Using Decision Trees to Detect and Isolate Leaks in the J-2X
shared by MARK SCHWABACHER, updated on Sep 22, 2010
Summary
Full title: Using Decision Trees to Detect and Isolate Simulated Leaks in the J-2X Rocket Engine
Mark Schwabacher, NASA Ames Research Center
Robert Aguilar, Pratt & Whitney Rocketdyne
Fernando Figueroa, NASA Stennis Space Center
Abstract
The goal of this work was to use data-driven methods to automatically detect and isolate faults in the J-2X rocket engine. It was decided to use decision trees, since they tend to be easier to interpret than other data-driven methods. The decision tree algorithm automatically “learns” a decision tree by performing a search through the space of possible decision trees to find one that fits the training data. The particular decision tree algorithm used is known as C4.5. Simulated J-2X data from a high-fidelity simulator developed at Pratt & Whitney Rocketdyne and known as the Detailed Real-Time Model (DRTM) was used to “train” and test the decision tree. Fifty-six DRTM simulations were performed for this purpose, with different leak sizes, different leak locations, and different times of leak onset. To make the simulations as realistic as possible, they included simulated sensor noise, and included a gradual degradation in both fuel and oxidizer turbine efficiency. A decision tree was trained using 11 of these simulations, and tested using the remaining 45 simulations. In the training phase, the C4.5 algorithm was provided with labeled examples of data from nominal operation and data including leaks in each leak location. From the data, it “learned” a decision tree that can classify unseen data as having no leak or having a leak in one of the five leak locations. In the test phase, the decision tree produced very low false alarm rates and low missed detection rates on the unseen data. It had very good fault isolation rates for three of the five simulated leak locations, but it tended to confuse the remaining two locations, perhaps because a large leak at one of these two locations can look very similar to a small leak at the other location.
Introduction
The J-2X rocket engine will be tested on Test Stand A-1 at NASA Stennis Space Center (SSC) in Mississippi. A team including people from SSC, NASA Ames Research Center (ARC), and Pratt & Whitney Rocketdyne (PWR) is developing a prototype end-to-end integrated systems health management (ISHM) system that will be used to monitor the test stand and the engine while the engine is on the test stand[1]. The prototype will use several different methods for detecting and diagnosing faults in the test stand and the engine, including rule-based, model-based, and data-driven approaches. SSC is currently using the G2 tool http://www.gensym.com to develop rule-based and model-based fault detection and diagnosis capabilities for the A-1 test stand. This paper describes preliminary results in applying the data-driven approach to detecting and diagnosing faults in the J-2X engine.

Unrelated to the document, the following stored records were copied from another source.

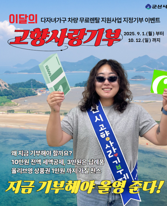 군산시가 9월 1일부터 10월 12일까지 ‘군산시에 고향사랑기부하고 14만 원 혜택 받기’ 이벤트를 진행한다. 참여자는 다자녀가구 차량 무료 렌탈 지원사업에 10만 원 이상 기부하면 연말정산 세액공제와 30% 상당의 답례품을 받을 수 있으며, 100명을 추첨해 올리브영 1만 원 상품권도 제공한다.
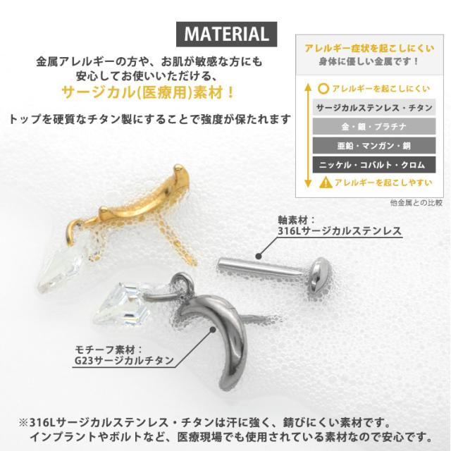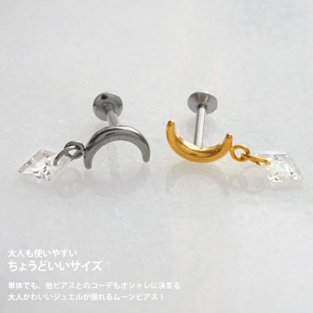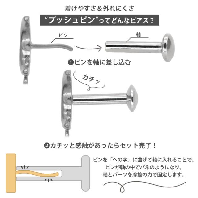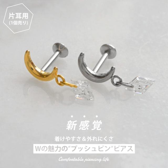 【ネジ不要/摩擦でロック】つけっぱなしピアス ボディピアス 20G 18G 16G ジュエルチャームムーンプッシュピンラブレット トラガス 軟骨ピアス 【片耳用】 【30日間お試し期間あり/返品交換保証】
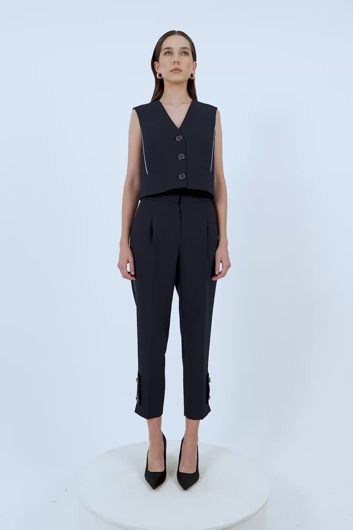 Kupları Nakışlı Düğme Detaylı Yelek
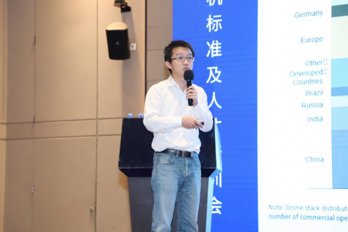 在企业分享环节,来自深圳市大疆创新科技有限公司的王垚在现场分享大疆创新标准化战略,阐述了大疆无人机的战略方向,并对无人机标准建设提出了殷切的期望。来自小米通讯技术有限公司的代表洪伟,从国际化视角介绍了无人机身份识别国际标准化进展。京东无人机事业部代表史睿从物流无人机发展角度,回顾和总结了京东物流无人机标准的建设的心得和体会。最后由华为技术有限公司企业代表李刚,分享了通信技术支持无人机应用与管控。
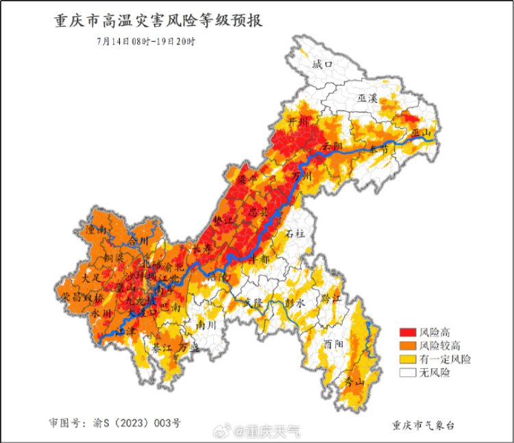 受晴热高温天气影响,预计7月14日至17日,重庆市中西部大部地区、东北部部分地区和东南部局部地区森林火险气象等级极高;7月18日至19日,重庆市大部地区森林火险气象等级高,局部地区等级极高。
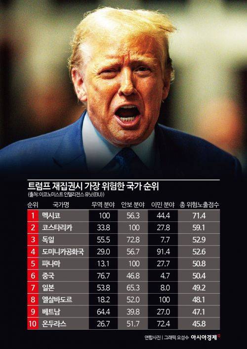 이코노미스트가 운영하는 이코노미스트 인텔리전스 유닛(EIU)은 30일(현지시간) 미국의 70개 상대 상대국을 대상으로 트럼프가 재집권할 경우 무역, 안보, 이민 분야 영향을 분석한 '트럼프 위험지수(Trump Risk Index)'를 공개했다. 무역과 안보에 각각 40%, 이민 분야에 20%의 비중을 두고 총 위험 노출 점수를 계산했다.
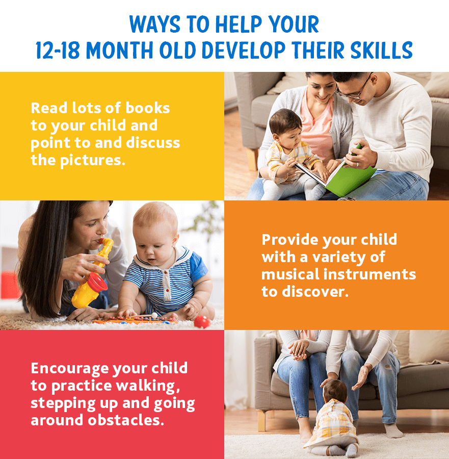 Here’s an idea of the skills that your 12-18 month old will be developing during their first year:
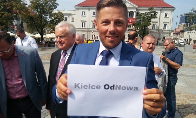 "Kielce OdNowa" to hasło wyborcze kandydata KKW SLD Lewica Razem na prezydenta Kielc, Marcina Chłodnickiego.
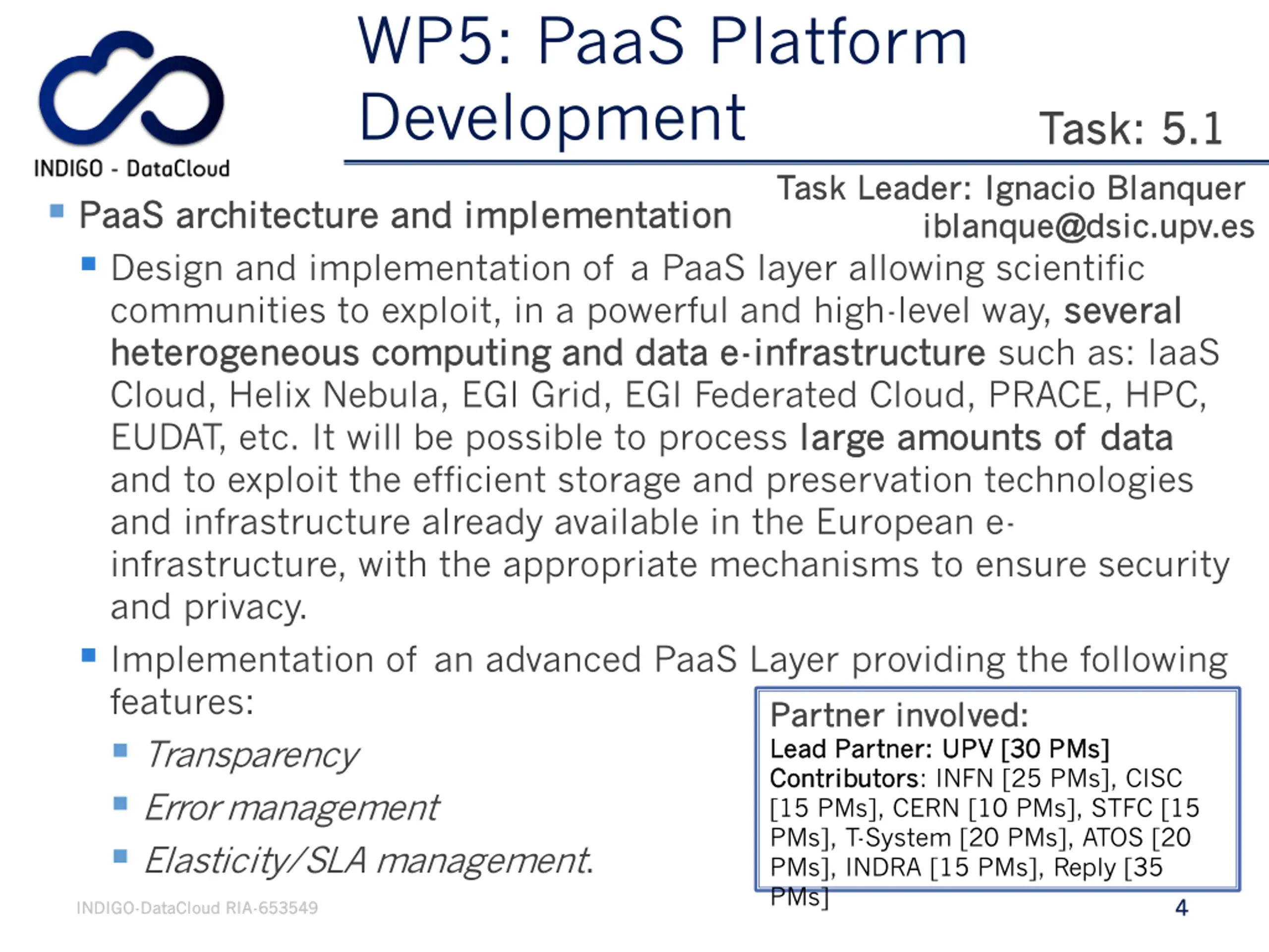 WP5: PaaS Platform Development Task: 5.1 Task: 5.1 Blanquer Task Leader: Ignacio Task Leader: Ignacio Blanquer iblanque@dsic.upv.es iblanque@dsic.upv.es PaaS PaaS architecture and implementation architecture and implementation Design and implementation of a PaaS layer allowing scientific communities to exploit, in a powerful and high-level way, several heterogeneous computing and data e heterogeneous computing and data e- -infrastructure Cloud, Helix Nebula, EGI Grid, EGI Federated Cloud, PRACE, HPC, EUDAT, etc. It will be possible to process large amounts of data and to exploit the efficient storage and preservation technologies and infrastructure already available in the European e- infrastructure, with the appropriate mechanisms to ensure security and privacy. Implementation of an advanced PaaS Layer providing the following features: Transparency Error management Elasticity/SLA management. several infrastructure such as: IaaS large amounts of data Partner involved: Partner involved: Lead Partner: UPV [30 PMs] Lead Partner: UPV [30 PMs] Contributors Contributors: INFN [25 PMs], CISC [15 PMs], CERN [10 PMs], STFC [15 PMs], T-System [20 PMs], ATOS [20 PMs], INDRA [15 PMs], Reply [35 PMs] 4 4 INDIGO INDIGO- -DataCloud DataCloud RIA RIA- -653549 653549

The conventional approach to detecting and diagnosing faults in complex engineered systems such as rocket engines and test stands is to use large numbers of human experts. Test controllers watch the data in near-real time during each engine test. Engineers study the data after each test. These experts are aided by limit checks that signal when a particular variable goes outside of a predetermined range. The conventional approach is very labor intensive. Also, humans may not be able to recognize faults that involve the relationships among large numbers of variables. Further, some potential faults could happen too quickly for humans to detect them and react before they become catastrophic. Automated fault detection and diagnosis is therefore needed.

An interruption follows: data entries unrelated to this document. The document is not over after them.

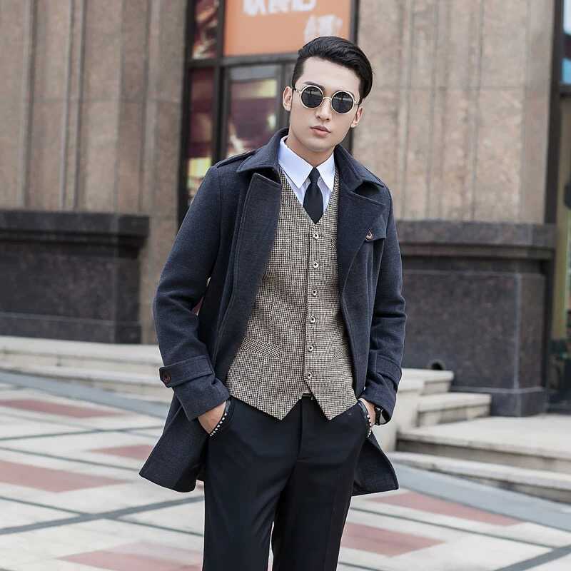 男士商务西装领中长款羊毛呢外套披风行政潮流休闲风衣驼色大衣男
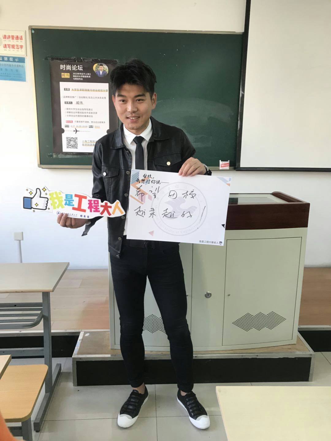 2018年4月17下午16:30,服装学院校园时尚节之“时尚论坛”在教学楼D315圆满举行。此次论坛以“适合自己的才是最好的——大学生求职技能与创业经验分享”为主题,邀请服装学院2015届校友臧伟作为主讲嘉宾,与在校学生们分享了他对大学生求职技能的理解以及自身的创业历程。
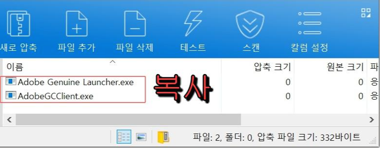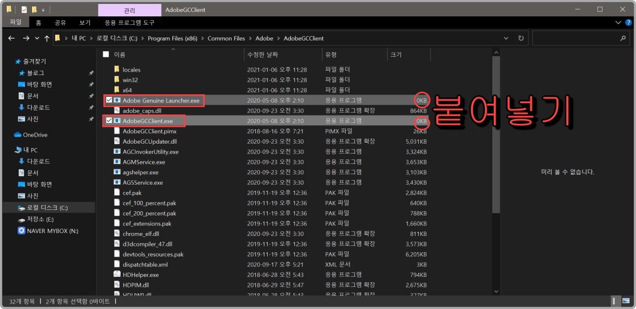 아까 갔던 C:\Program Files (x86)\Common Files\Adobe\AdobeGCClient 로 다시 이동한 후 2개 파일을 붙여넣기 합니다. 붙여넣은 파일 크기가 0인지 확인합니다. 이후 컴퓨터를 재시작 합니다.
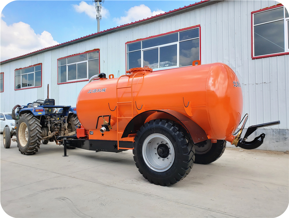 2FYP系列液态粪肥抛洒车(液体有机肥施肥罐车),以拖拉机后输出轴(540r/min)为动力,驱动真空泵进行工作,控制完成吸肥和喷肥工作。主泵、控制阀、承重车轴等部件采用进口产品,性能稳定可靠。该污水撒粪车罐体材质采用了压力容器专用高强度钢,罐体內外均喷有防腐、耐酸碱性能优越的涂层,罐体内部集成有坚固的防浪涌挡板,保证罐体有足够的抗拉强度、冲击韧性与耐腐蚀性。该撒粪车罐体前部安装有液位显示仪,方便操作者实时观察罐体内液体容量变化。该机设计配备多级过载保护装置,对主泵、罐体、管道等进行压力保护。

One approach to automation is to encode human knowledge into rules or models. Another approach is use data-driven methods to automatically learn models from historical data or simulated data. Our prototype will combine the data-driven approach with the model-based and rule-based approaches. This paper focuses on the data-driven approach.
The J-2X Engine
The J-2X is a rocket engine currently under development at Pratt & Whitney Rocketdyne. It will be fueled by liquid hydrogen and liquid oxygen. It will be used as the second-stage engine on NASA’s Ares I crew launch vehicle http://www.nasa.gov/mission_pages/constellation/ares/aresl/ and Ares V cargo launch vehicle http://www.nasa.gov/mission_pages/constellation/ares/aresV/. It is derived from the J-2 engine, which served as the second- and third-stage engines on the Saturn V launch vehicle. The J-2X engine is shown in Figure 1.

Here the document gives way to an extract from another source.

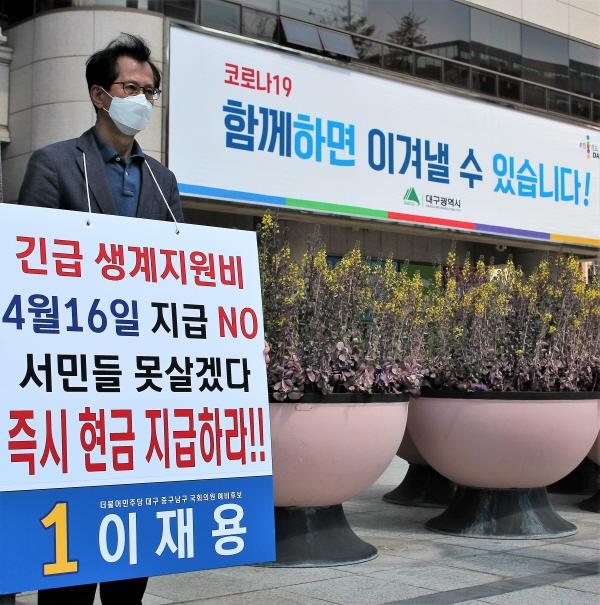 【브레이크뉴스 대구】이성현 기자= 더불어민주당 이재용 대구 중·남구 국회의원 후보는 지난 23일 권영진 시장이 대구시의 긴급생계자금 지원을 총선이후에 지급한다고 밝힌 것과 관련해 시민의 생계를 정치 볼모로 삼지 말라고 24일 밝혔다.
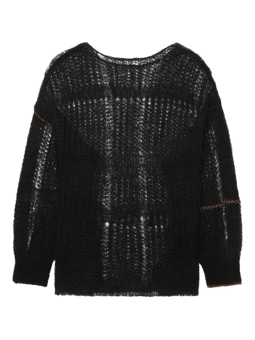 long-sleeved open-knit sweater Highlights - Black - Open knit - Long sleeves - Stitching details - Round neck Imported Composition Polyamide 41%, Mohair 30%, Wool 29% Washing instructions Read Manufacturer Guidelines

http://www.pw.utc.com/vgn-ext-templating/v/index.jsp?vgnextrefresh=1&vgnextoid;=8fd0586642738110VgnVCM100000c45a529fRCRD
Test Stand A-1
SSC operates several rocket engine test stands. Each test stand provides a structure strong enough to hold a rocket engine in place as it is fired, and a fuel feed system to provide fuel to the engine. Test stand A-1 is a large test stand that is currently used to test the space shuttle's main engines, and will be used to test the J-2X. It can withstand a maximum dynamic load of 1.7 million pounds of force. It provides liquid hydrogen and liquid oxygen to the engine being tested, and has numerous sensors on its fuel feed system. Test Stand A-1 is shown in Figure 2.
http://rockettest.nasa.gov/rptmb/ssc_a1_test_stand.asp
The J-2X Detailed Real-Time Model
We used data from a high-fidelity physics-based simulator to train and test the data-driven algorithms. The physics-based model chosen for this project is the J-2X Detailed Transient Model or DTM. The J-2X DTM, as the name indicates, is a transient model that accurately models all phases of engine operation including start, mainstage (phase between start and shutdown), and shutdown. The J-2X DTM simulates processes describing rocket engine operation including heat transfer, fluid flow, combustion and valve dynamics. Flowrates, pump speeds, temperatures and pressures are modeled as time dependent differential equations that are updated at a high rate, typically 2000 Hz. Property tables, valve characteristics and turbomachinery efficiency and performance curves are also incorporated in the DTM. DTM’s are used to develop safe start and shutdown sequences and for anomaly resolution. The J-2X DTM builds on a long history of DTM’s supporting most major Pratt & Whitney Rocketdyne (PWR) rocket engines.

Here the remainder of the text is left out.